Why Bharat Matters
- First edition
- Author: S. Jaishankar
- Language: English
- Subject: Geopolitics
- Published: 2024
- Publisher: Rupa & Co.
- Publication place: India
- Media type: Print
- Pages: 237
- ISBN: 978-9357026406
- Preceded by: The India Way: Strategies for an Uncertain World

= Why Bharat Matters =

2024 book by S. Jaishankar

Why Bharat Matters is a 2024 non-fictional book written by Indian politician and author S. Jaishankar, and published by Rupa Publications. Jaishankar was the incumbent Minister of External Affairs of the Government of India in the Second Modi ministry at the time of publishing.

In this work, Jaishankar discusses India's foreign policy and emphasises the importance of Bharat, i.e. India, with its ever-growing role on the global stage as a potential superpower.

==Synopsis==
Why Bharat Matters is Jaishankar's second book, followed by his previous book The India Way: Strategies for an Uncertain World, in which he provided his analysis of India's geopolitical strategy since independence, along with India's historical statecraft and the impact of colonisation.

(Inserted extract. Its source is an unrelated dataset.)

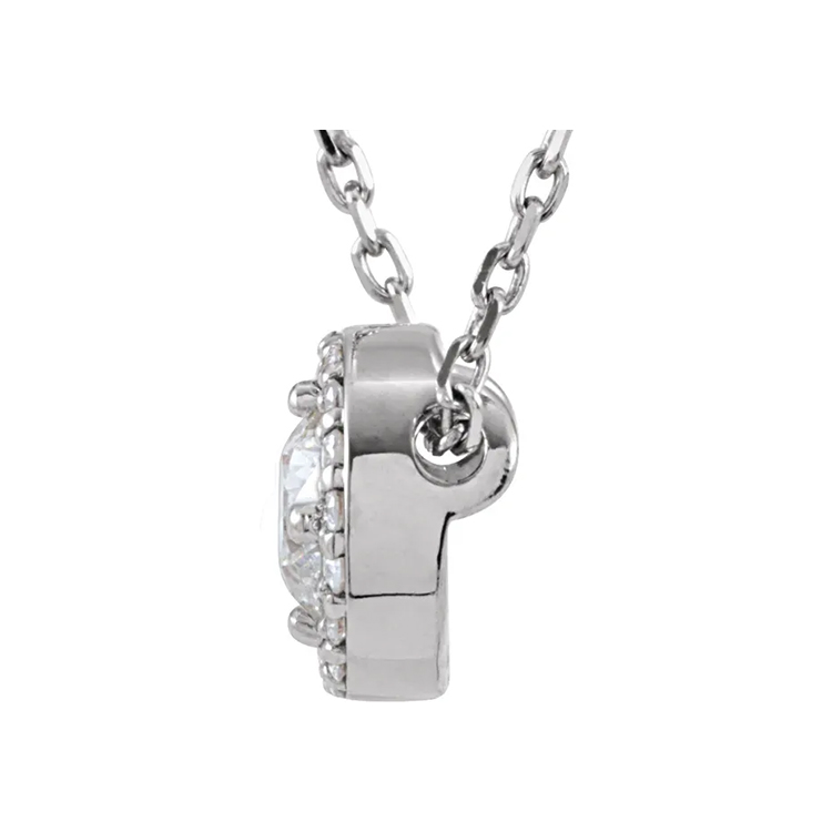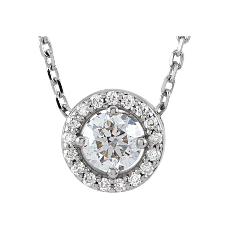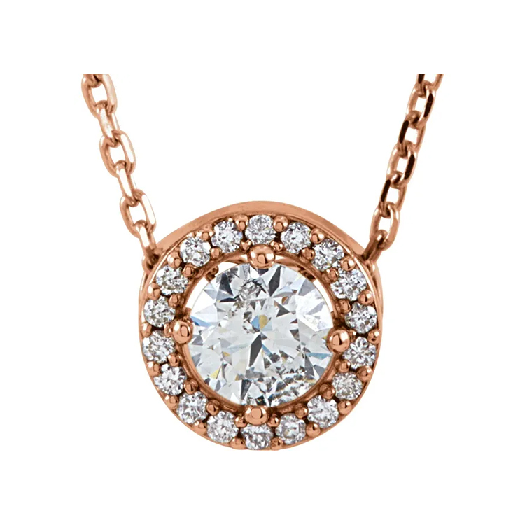 Halo-Style Diamond Pendant available in 14k Rose Gold, White Gold and Yellow Gold. Lab-Grown Diamond, Diamond Clarity SI1-SI2 Diamond Color GH. 16″ Cable Chain, Spring Ring. Dressy

In Why Bharat Matters, Jaishankar delves deeper into India's foreign policy landscape, emphasising the country's cultural values and global ambitions. He explores the significance of India's historical heritage, particularly drawing insights from the epic Ramayana. It discusses India's evolving role in the global arena, emphasising the importance of transparent digital realms, resilient supply chains, and strategic economic decisions.

The book also addresses key initiatives implemented by Indian government such as 'SAGAR' and 'Neighbourhood First', showcasing India's surfacing as a positive force on the global stage. Through a blend of tradition, heritage, and modernity, Jaishankar portrays India as a confident and committed nation poised to play an important role in international affairs.

==Reception==
Columnist and scholar Harshil Mehta, in his review for Firstpost, called the book important for encouraging debates over civilisational heritage of India and presenting views of the Modi government on international affairs.

In a review for The Indian Express, the editor C Raja Mohan praised the book for sparking much-needed debate about Jawaharlal Nehru's foreign policy. He further added that the book will help readers break away from the perspective that everything Indian foreign leadership did in the past was the correct choice for that moment. The New Indian Express hailed the book calling it a well-timed collection of historical essays that explores India’s foreign policy initiatives, that underscore major pivotal moments.

Writing for The Asian Age, editor Indranil Banerjie stated, the book is invaluable, but not reader-friendly, calling it a textbook on government foreign policy instead of a juicy thesis on Bharat.